## [ABOUT THIS EXERCISE]
Return exactly the lines of the data below, from the one that contains "Cán bộ Sở Xây" through the final line, and leave out every picture.

## [THE DATA]
----------------------------------------

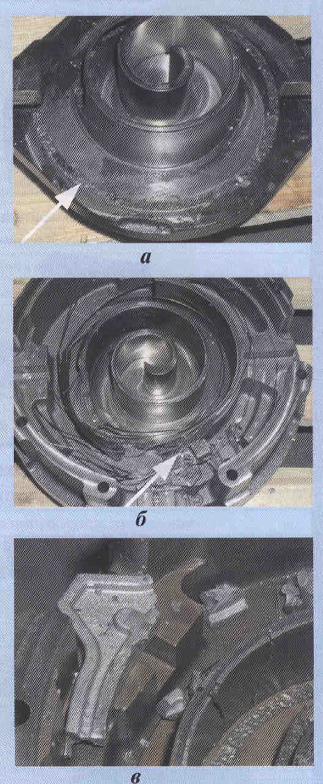 Рис. 1. Повреждения деталей спирального компрессора вследствие гидравлического удара: а — разрушение подвижной спирали; б — разрушение неподвижной спирали; в — разрушение муфты Ольдгейма
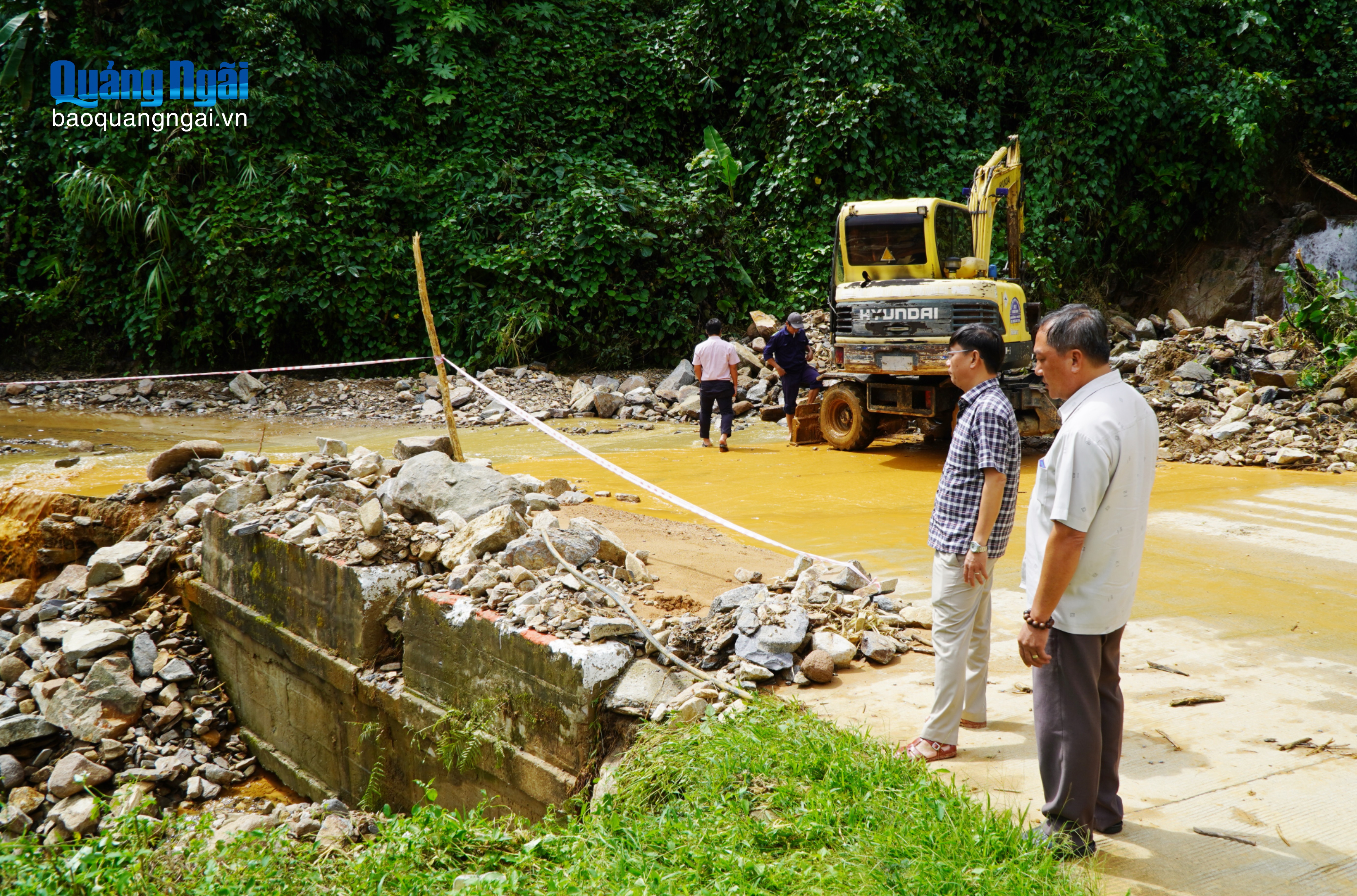 Cán bộ Sở Xây dựng bám sát hiện trường chỉ đạo khắc phục sạt lở, thông tuyến giao thông tại ĐT622B.
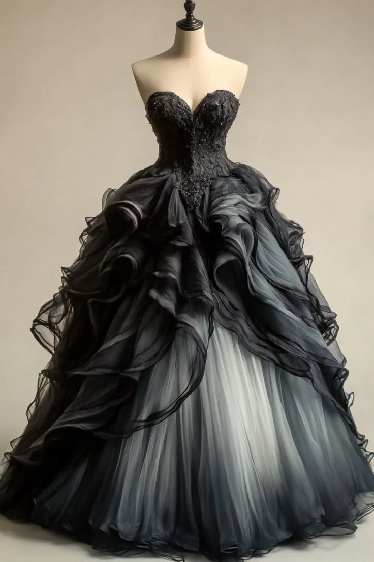 Charming A Line Sweetheart Neck Beaded Ruffle Tulle Prom Dress Evening Dress HZ1023

----------------------------------------

## [THE ANSWER]
 Cán bộ Sở Xây dựng bám sát hiện trường chỉ đạo khắc phục sạt lở, thông tuyến giao thông tại ĐT622B.
 Charming A Line Sweetheart Neck Beaded Ruffle Tulle Prom Dress Evening Dress HZ1023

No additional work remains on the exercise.